• Try it: Return the lines that run from the beginning of the entries to the line holding "Stavebnicový set zahrnuje", inclusive, and drop the pictures.

== == ==

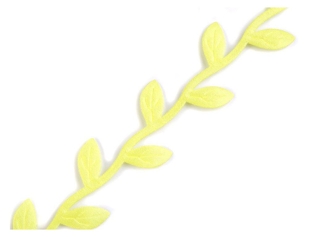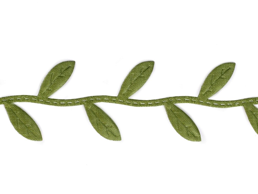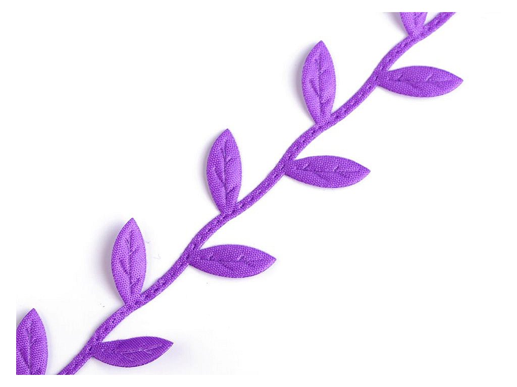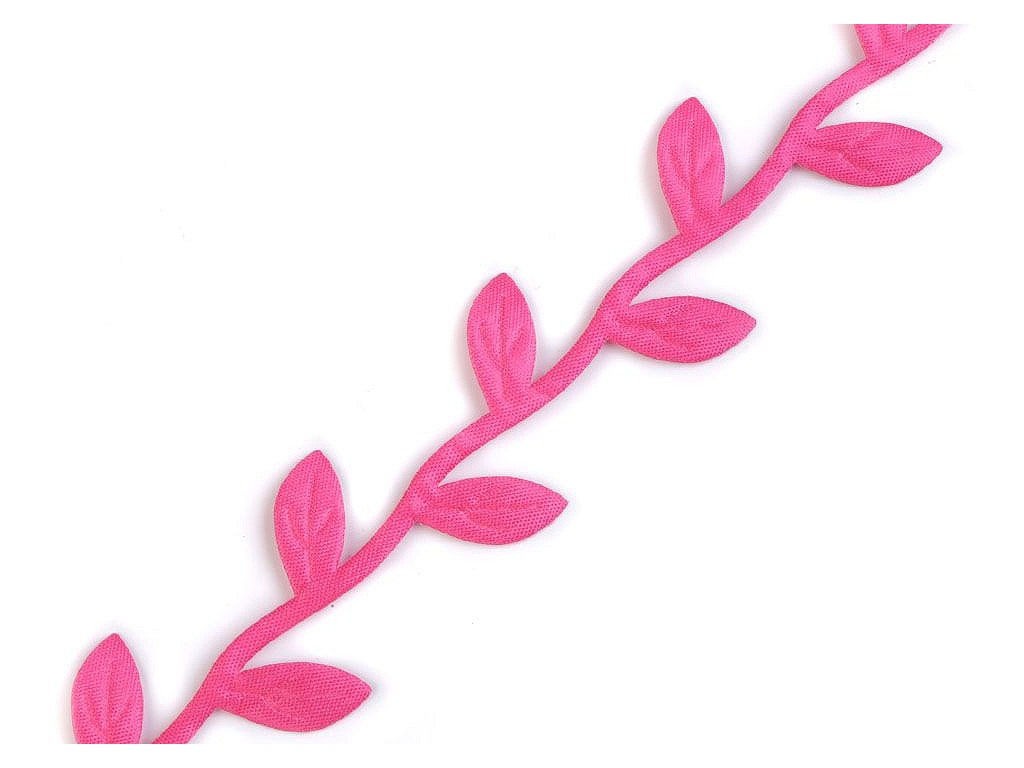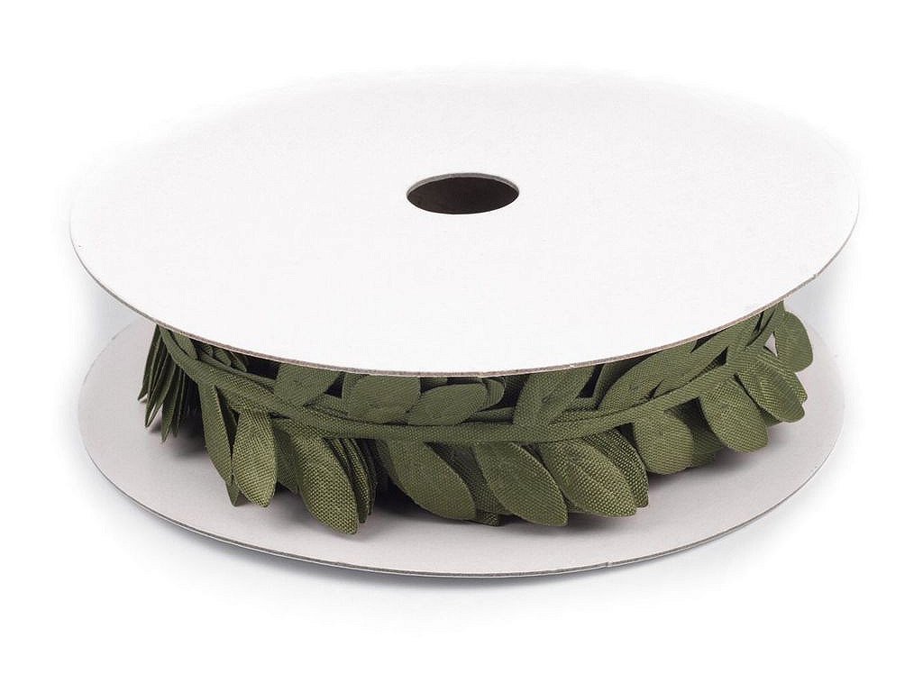 Saténový prýmek s motivem lístečků je vhodný k šití i k dekorování. Listy se dají odstřihnout a použít samostatně. Uprostřed mají vytlačený vzor žilkování.
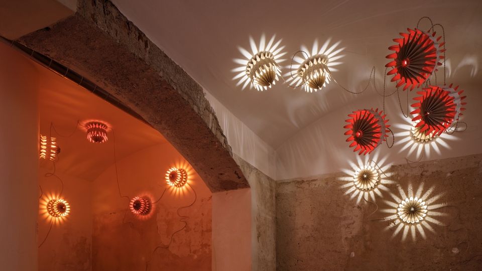 Výstava Floralis Temple představuje světelné instalace studia Jasna, které se specializuje na interiérové osvětlení z ručně vyráběného papíru. Tvorba zakladatelky Michaely Doležalové propojuje přírodní materiály, inovace a environmentální přesah, přičemž papír slouží nejen jako médium světla, ale také jako nositel příběhu a symbol tvůrčího myšlení.
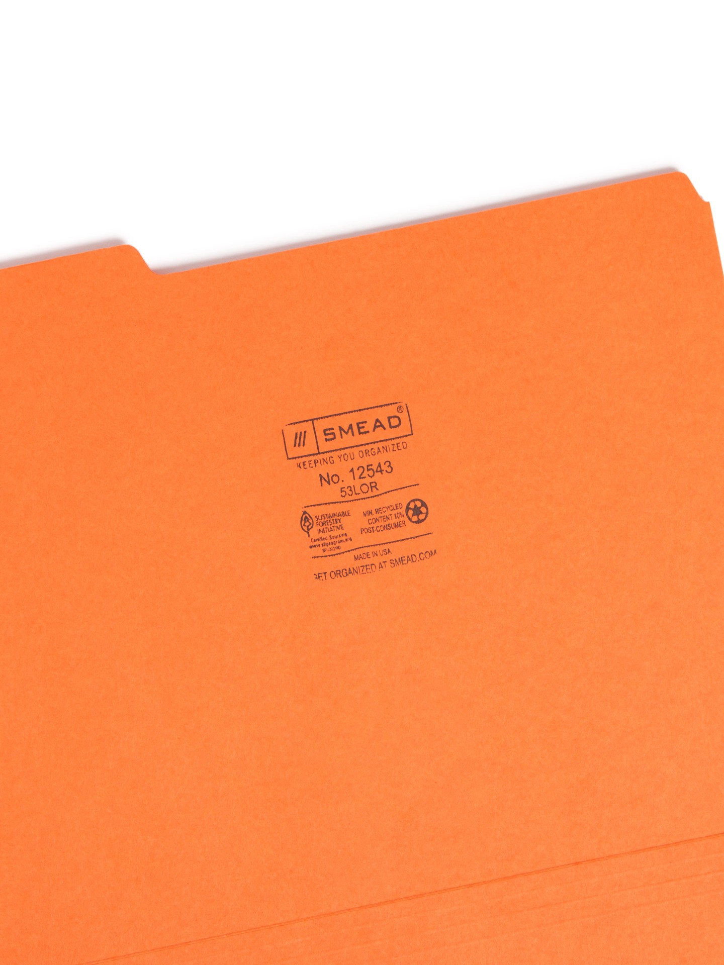 Smead File Folder, 1/3-Cut Tab, Letter Size, Orange, 100 per Box
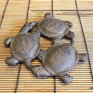カメ 鍋敷き 鉄製 亀3匹 三亀の敷台 オブジェ 和風
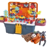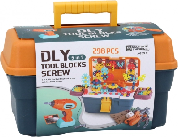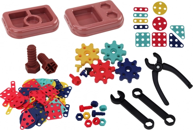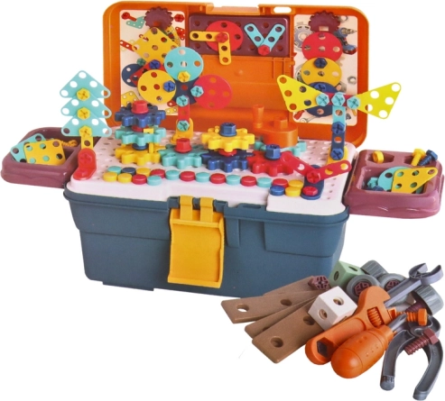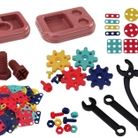 Stavebnicový set zahrnuje množství nástrojů jako klíče a kleště. Pomáhá s rozvojem jemné motoriky.
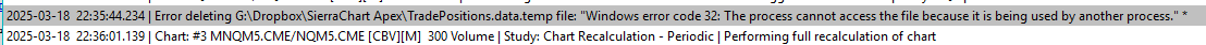 I have found the error message that causes the box to be unchecked. It is not something on my side. It happens when the attached error message appears in the message log. 2025-03-18 22:35:44.234 | Error deleting G:\Dropbox\SierraChart Apex\TradePositions.data.temp file: "Windows error code 32: The process cannot access the file because it is being used by another process." * |

== == ==

• Answer section:
 Saténový prýmek s motivem lístečků je vhodný k šití i k dekorování. Listy se dají odstřihnout a použít samostatně. Uprostřed mají vytlačený vzor žilkování.
 Výstava Floralis Temple představuje světelné instalace studia Jasna, které se specializuje na interiérové osvětlení z ručně vyráběného papíru. Tvorba zakladatelky Michaely Doležalové propojuje přírodní materiály, inovace a environmentální přesah, přičemž papír slouží nejen jako médium světla, ale také jako nositel příběhu a symbol tvůrčího myšlení.
 Smead File Folder, 1/3-Cut Tab, Letter Size, Orange, 100 per Box
カメ 鍋敷き 鉄製 亀3匹 三亀の敷台 オブジェ 和風
 Stavebnicový set zahrnuje množství nástrojů jako klíče a kleště. Pomáhá s rozvojem jemné motoriky.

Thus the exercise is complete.